Instructions to follow → Make a verbatim copy of all the records. Skip every image.

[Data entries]

####################

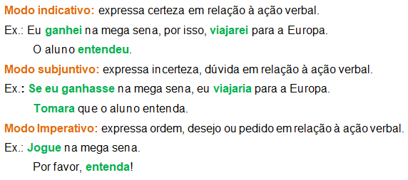 Já os modos verbais expressam o modo como a pessoa do discurso se relaciona ao fato ocorrido. Temos três modos verbais:
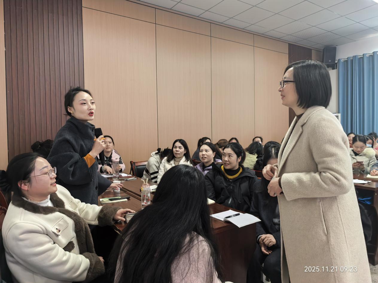 十堰市中医医院心理卫生中心副主任医师钟梅和学员讨论护理团队心理特点
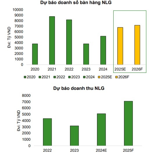 Agriseco kỳ vọng doanh số bán hàng sẽ tiếp tục tăng giúp thúc đẩy KQKD các năm tới khi NLG mở bán thêm sản phẩm mới. Thị trường BĐS ven TP.HCM như Long An, Đồng Nai – nơi tập trung dự án của NLG dự kiến sẽ phục hồi nhờ sự phát triển hạ tầng và sát nhập tỉnh thành.
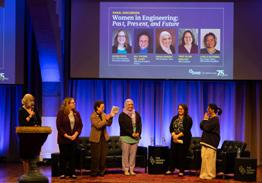 AND A PANEL OF COLLEGIATE AND PROFESSIONAL MEMBERS OF THE SOCIETY OF WOMEN ENGINEERS SHARING STORIES OF WOMEN IN ENGINEERING PAST, PRESENT, AND FUTURE.
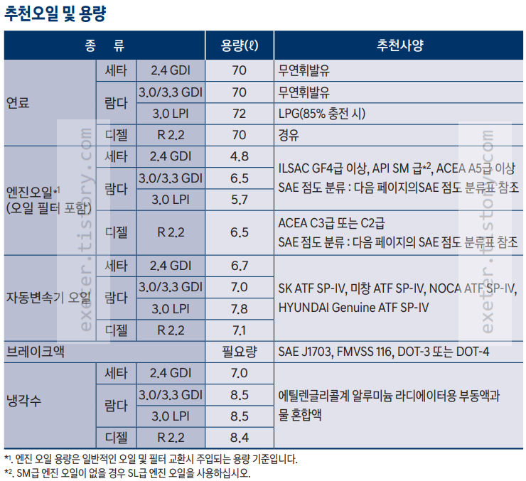 - 엔진오일(세타 2.4GDI) : 4.8 리터 (ILSAC GF4급 이상, API SM 급*2, ACEA A5급 이상)
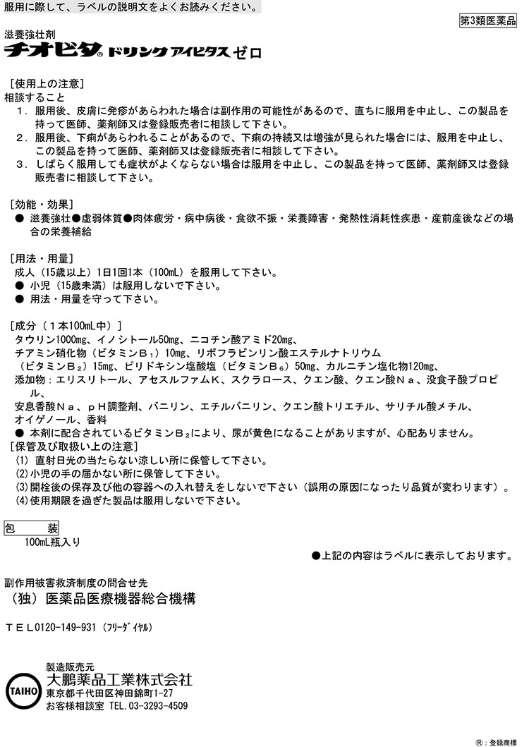 【チオビタドリンク アイビタスゼロの商品詳細】
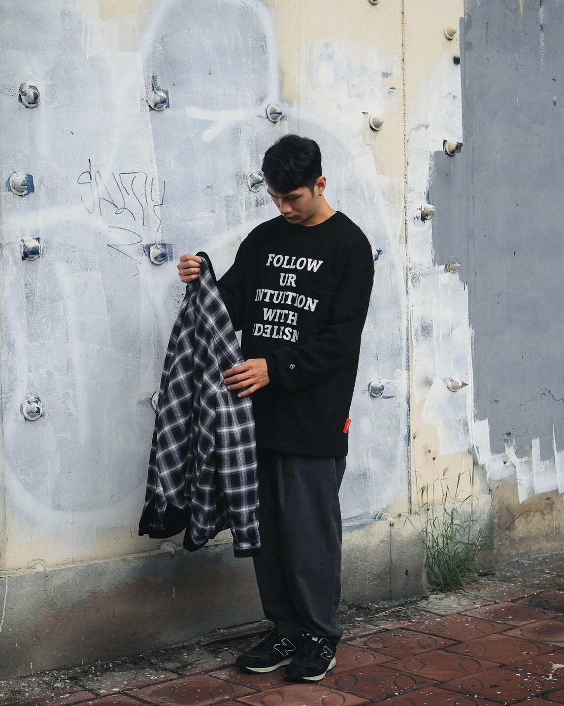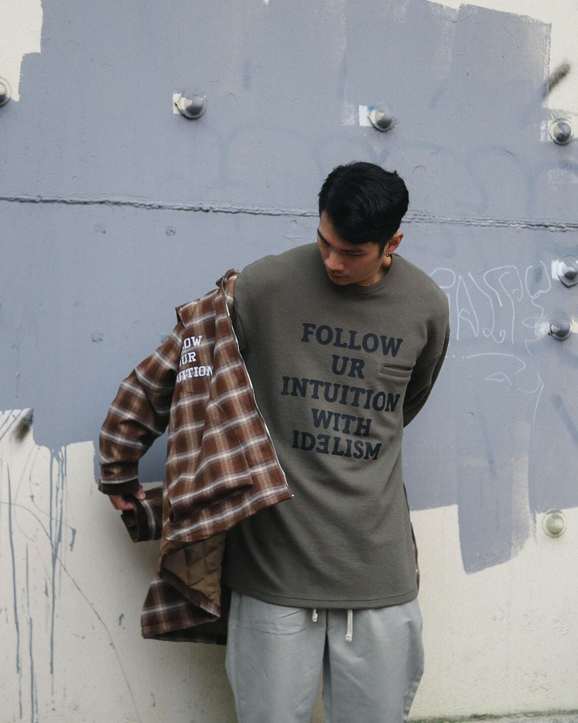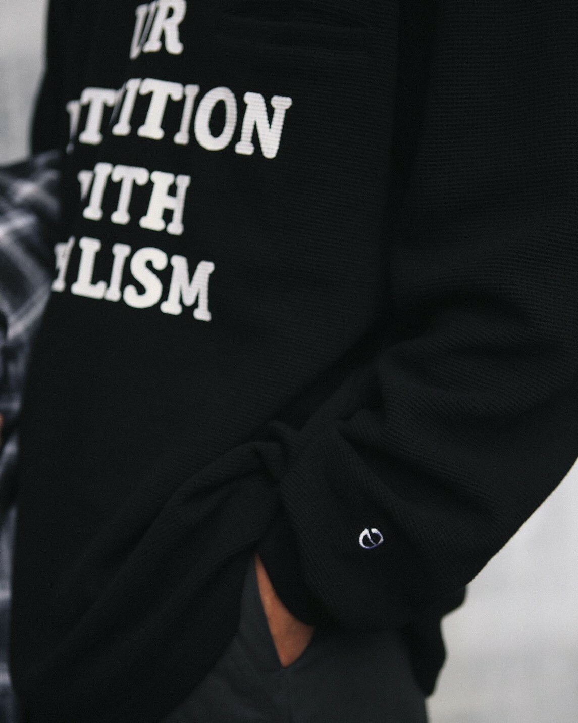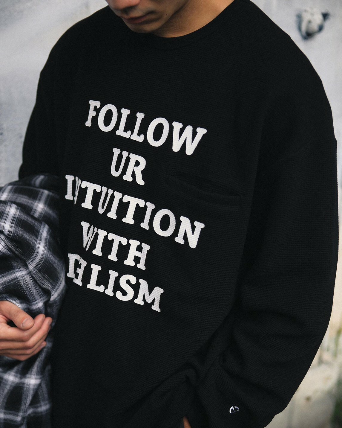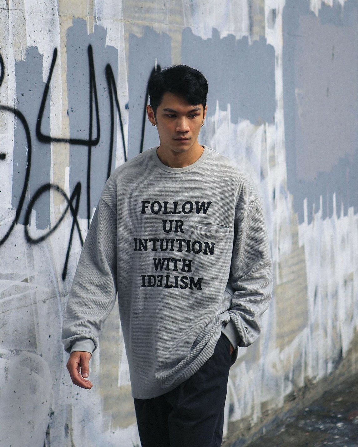在服裝的呈現上,將口袋巧妙安插於文字之間,夾帶著功能細節且簡約百搭。
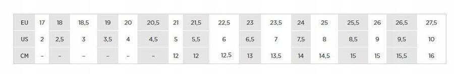 Размер — внутренняя длина, измеренная вручную: 22,5 x 13,6 см, 23,5 x 14,3 см, 25 x 15,5 см, 26 x 16,2 27,5–17 см 28,5–17,7 см 30–18,5 см 31–19,3 см 32,5–20,5 см 33,5–21,1 см 35– 22 см 36–23 см 37,5–23,7 см 38,5–24,5 см
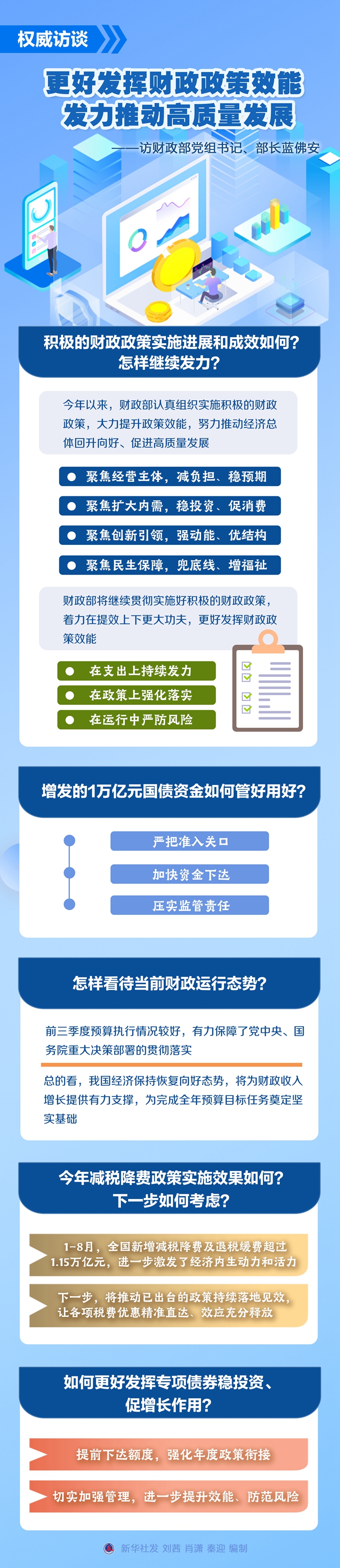 財政政策是國家宏觀調(diào)控的重要手段。下一步,財政政策還將如何發(fā)力?增發(fā)的國債怎樣用好?財政運行態(tài)勢如何?新華社記者采訪了財政部黨組書記、部長藍佛安。
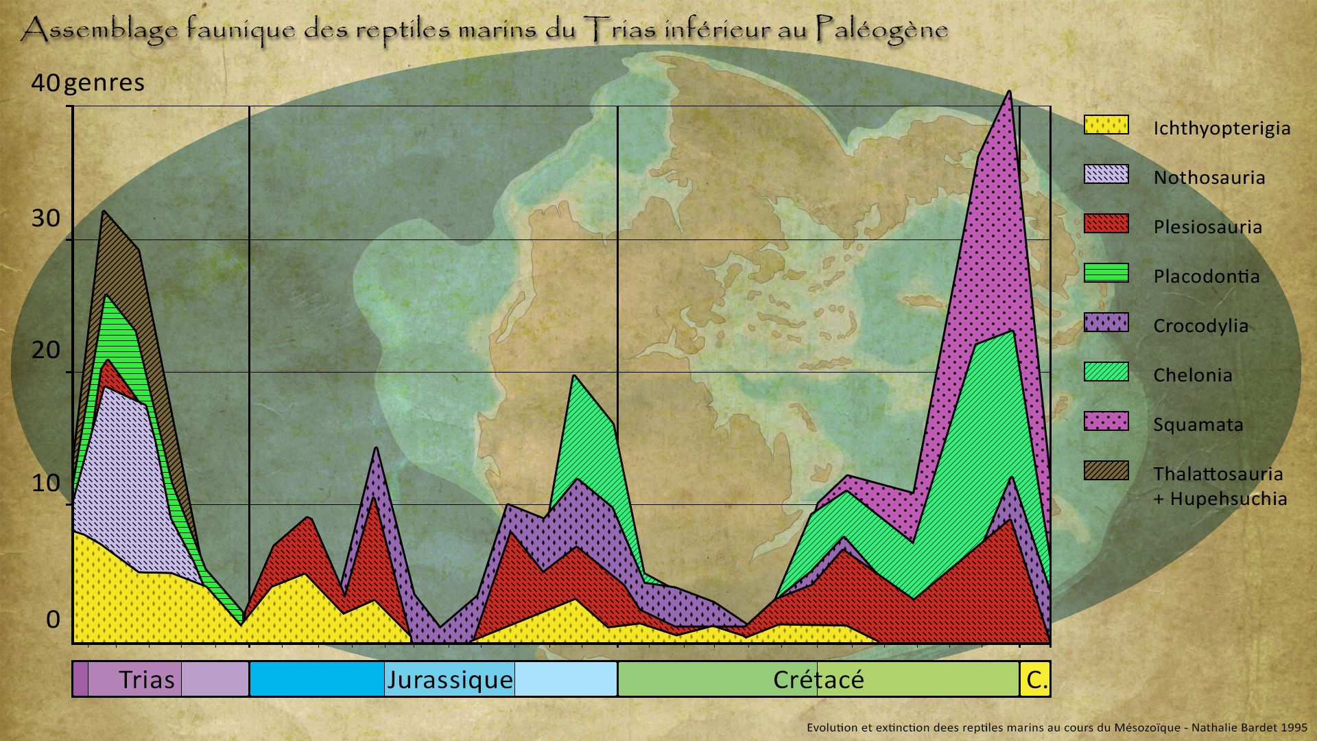 Tout du moins, c’est que l’on peut supposer en regardant les divers graphiques, cependant dans le livre de Nathalie Bardet est ses confrères, il est dit que « La disparition des Thalattosaures à la fin du Trias reste pour l’instant inexpliqué ? »
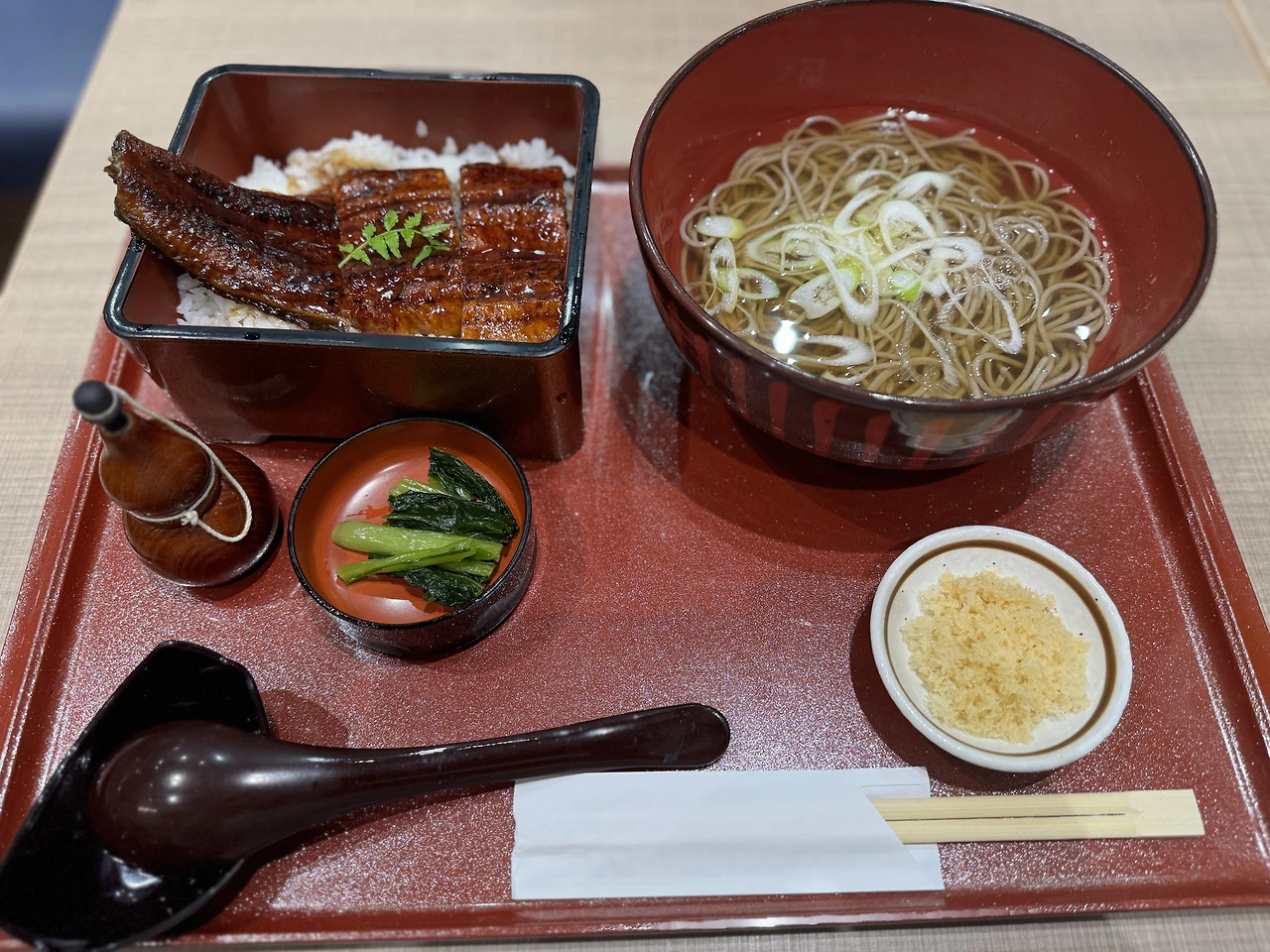 한큐 호텔에서 리무진 버스를 타고 공항에 도착하니 오후 4시였다. 서울에 도착하면 밤 9시니 이른 저녁을 먹어야 했다. 예전에 긴자에서 맛있게 먹었던 장어덮밥이 생각나서 덮밥과 소바를 시켜 먹었는데 공항음식 치고 맛이 꽤 괜찮아서 다행이었다.
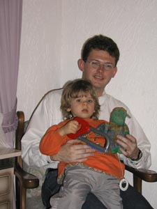 | 15.12. Schreck lass nach! Heute abend bin ich beim Ballspielen gestürzt und hab mir auf der Kante meines Lego-Eimers die oberen zwei Schneidezähne eingeschlagen. Überall war Blut. Mama und Falk sind gleich mit mir zum zahnärztlichen Notdienst gefahren und dort wurde mir der eine Zahn, der war ganz locker, gezogen. Der andere Zahn ist unauffindbar. Möglich, dass ich ihn geschluckt habe mit dem vielen Blut. Am Montag sollen wir zum Kieferröntgen, um zu sehen ob da nicht noch ein Stück Zahn drinne steckt. 17.12. Wir waren heut früh bei der Kieferchirurgin und die hat festgestellt, dass der rechte obere Schneidezahn komplett in den Kiefer hineingeschoben wurde. Er steckt also da oben drinne und ich hab ihn doch nicht verschluckt. Am Mittwoch wird geröntgt und entschieden, ob man den Zahn dort belässt, weil er bei Kleinkindern ab und zu von selber wieder herauswächst, ob er an seine alte Stelle versetzt und fixiert wird oder ob der Zahn gezogen wird. Na denn... frohes Fest! 18.12. Heute geht es mir schon wieder etwas besser. Das Gesicht ist nicht mehr allzu sehr geschwollen und ich kann schon ganz gut seitlich kauen. So gut zumindest, dass ich wieder Kekse essen kann. Alles andere tut natürlich noch weh. ;o) Mit dem Durchschlafen ist es etwas problematisch. Erstens hab ich Schmerzen und zweitens träume ich immer noch davon, wie es passiert ist. Das muss jetzt erst mal verdaut werden. 19.12. Auch diese Nacht hab ich nicht durchgeschlafen. Tut ja schon ganz schön weh. Heute hatten wir ja auch noch mal einen Termin bei der Kieferchirurgin. Die ist total nett und ich hatte nicht mehr sooooooooo grosse Angst, auch wenn ich trotzdem Tränchen in den Augen hatte. Wie es aussieht kriege ich den Zahn doch gezogen. Er ist wohl zu weit im Kiefer drinne als dass man ihn da lassen könnte. Jetzt habe ich einen OP-Termin am 3.1.2002. Mama ist es schon ganz mulmig, aber es muss wohl sein. Anfang Januar wird dann erst noch mal geguckt ob der Zahn nicht wider Erwarten doch ein Stückchen rausgewachsen ist, aber die Chancen stehen wohl sehr schlecht. Wenn es nämlich so wäre, dann könnte man auf die Operation verzichten. Na, dann drückt uns mal ganz fest die Daumen. |
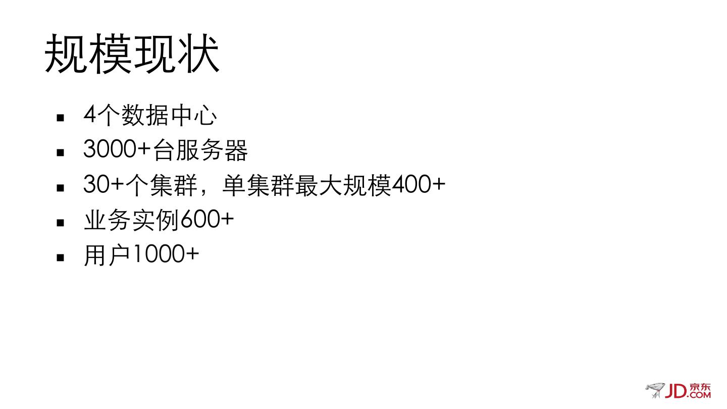 3 .规模现状 4个数据中心 3000+台服务器 30+个集群,单集群最大规模400+ 业务实例600+ 用户1000+
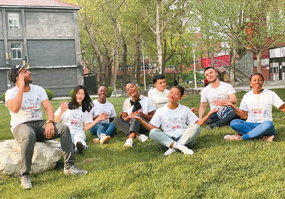 对汉语非母语的中文学习者来说,学习中国古诗词,可以领略中华文化的魅力。图为今年4月,北京第二外国语学院汉语学院的来华留学生在校园中排练诗歌吟唱。

####################

Your response →
 Já os modos verbais expressam o modo como a pessoa do discurso se relaciona ao fato ocorrido. Temos três modos verbais:
 十堰市中医医院心理卫生中心副主任医师钟梅和学员讨论护理团队心理特点
 Agriseco kỳ vọng doanh số bán hàng sẽ tiếp tục tăng giúp thúc đẩy KQKD các năm tới khi NLG mở bán thêm sản phẩm mới. Thị trường BĐS ven TP.HCM như Long An, Đồng Nai – nơi tập trung dự án của NLG dự kiến sẽ phục hồi nhờ sự phát triển hạ tầng và sát nhập tỉnh thành.
 AND A PANEL OF COLLEGIATE AND PROFESSIONAL MEMBERS OF THE SOCIETY OF WOMEN ENGINEERS SHARING STORIES OF WOMEN IN ENGINEERING PAST, PRESENT, AND FUTURE.
 - 엔진오일(세타 2.4GDI) : 4.8 리터 (ILSAC GF4급 이상, API SM 급*2, ACEA A5급 이상)
 【チオビタドリンク アイビタスゼロの商品詳細】
在服裝的呈現上,將口袋巧妙安插於文字之間,夾帶著功能細節且簡約百搭。
 Размер — внутренняя длина, измеренная вручную: 22,5 x 13,6 см, 23,5 x 14,3 см, 25 x 15,5 см, 26 x 16,2 27,5–17 см 28,5–17,7 см 30–18,5 см 31–19,3 см 32,5–20,5 см 33,5–21,1 см 35– 22 см 36–23 см 37,5–23,7 см 38,5–24,5 см
 財政政策是國家宏觀調(diào)控的重要手段。下一步,財政政策還將如何發(fā)力?增發(fā)的國債怎樣用好?財政運行態(tài)勢如何?新華社記者采訪了財政部黨組書記、部長藍佛安。
 Tout du moins, c’est que l’on peut supposer en regardant les divers graphiques, cependant dans le livre de Nathalie Bardet est ses confrères, il est dit que « La disparition des Thalattosaures à la fin du Trias reste pour l’instant inexpliqué ? »
 한큐 호텔에서 리무진 버스를 타고 공항에 도착하니 오후 4시였다. 서울에 도착하면 밤 9시니 이른 저녁을 먹어야 했다. 예전에 긴자에서 맛있게 먹었던 장어덮밥이 생각나서 덮밥과 소바를 시켜 먹었는데 공항음식 치고 맛이 꽤 괜찮아서 다행이었다.
 | 15.12. Schreck lass nach! Heute abend bin ich beim Ballspielen gestürzt und hab mir auf der Kante meines Lego-Eimers die oberen zwei Schneidezähne eingeschlagen. Überall war Blut. Mama und Falk sind gleich mit mir zum zahnärztlichen Notdienst gefahren und dort wurde mir der eine Zahn, der war ganz locker, gezogen. Der andere Zahn ist unauffindbar. Möglich, dass ich ihn geschluckt habe mit dem vielen Blut. Am Montag sollen wir zum Kieferröntgen, um zu sehen ob da nicht noch ein Stück Zahn drinne steckt. 17.12. Wir waren heut früh bei der Kieferchirurgin und die hat festgestellt, dass der rechte obere Schneidezahn komplett in den Kiefer hineingeschoben wurde. Er steckt also da oben drinne und ich hab ihn doch nicht verschluckt. Am Mittwoch wird geröntgt und entschieden, ob man den Zahn dort belässt, weil er bei Kleinkindern ab und zu von selber wieder herauswächst, ob er an seine alte Stelle versetzt und fixiert wird oder ob der Zahn gezogen wird. Na denn... frohes Fest! 18.12. Heute geht es mir schon wieder etwas besser. Das Gesicht ist nicht mehr allzu sehr geschwollen und ich kann schon ganz gut seitlich kauen. So gut zumindest, dass ich wieder Kekse essen kann. Alles andere tut natürlich noch weh. ;o) Mit dem Durchschlafen ist es etwas problematisch. Erstens hab ich Schmerzen und zweitens träume ich immer noch davon, wie es passiert ist. Das muss jetzt erst mal verdaut werden. 19.12. Auch diese Nacht hab ich nicht durchgeschlafen. Tut ja schon ganz schön weh. Heute hatten wir ja auch noch mal einen Termin bei der Kieferchirurgin. Die ist total nett und ich hatte nicht mehr sooooooooo grosse Angst, auch wenn ich trotzdem Tränchen in den Augen hatte. Wie es aussieht kriege ich den Zahn doch gezogen. Er ist wohl zu weit im Kiefer drinne als dass man ihn da lassen könnte. Jetzt habe ich einen OP-Termin am 3.1.2002. Mama ist es schon ganz mulmig, aber es muss wohl sein. Anfang Januar wird dann erst noch mal geguckt ob der Zahn nicht wider Erwarten doch ein Stückchen rausgewachsen ist, aber die Chancen stehen wohl sehr schlecht. Wenn es nämlich so wäre, dann könnte man auf die Operation verzichten. Na, dann drückt uns mal ganz fest die Daumen. |
 3 .规模现状 4个数据中心 3000+台服务器 30+个集群,单集群最大规模400+ 业务实例600+ 用户1000+
 对汉语非母语的中文学习者来说,学习中国古诗词,可以领略中华文化的魅力。图为今年4月,北京第二外国语学院汉语学院的来华留学生在校园中排练诗歌吟唱。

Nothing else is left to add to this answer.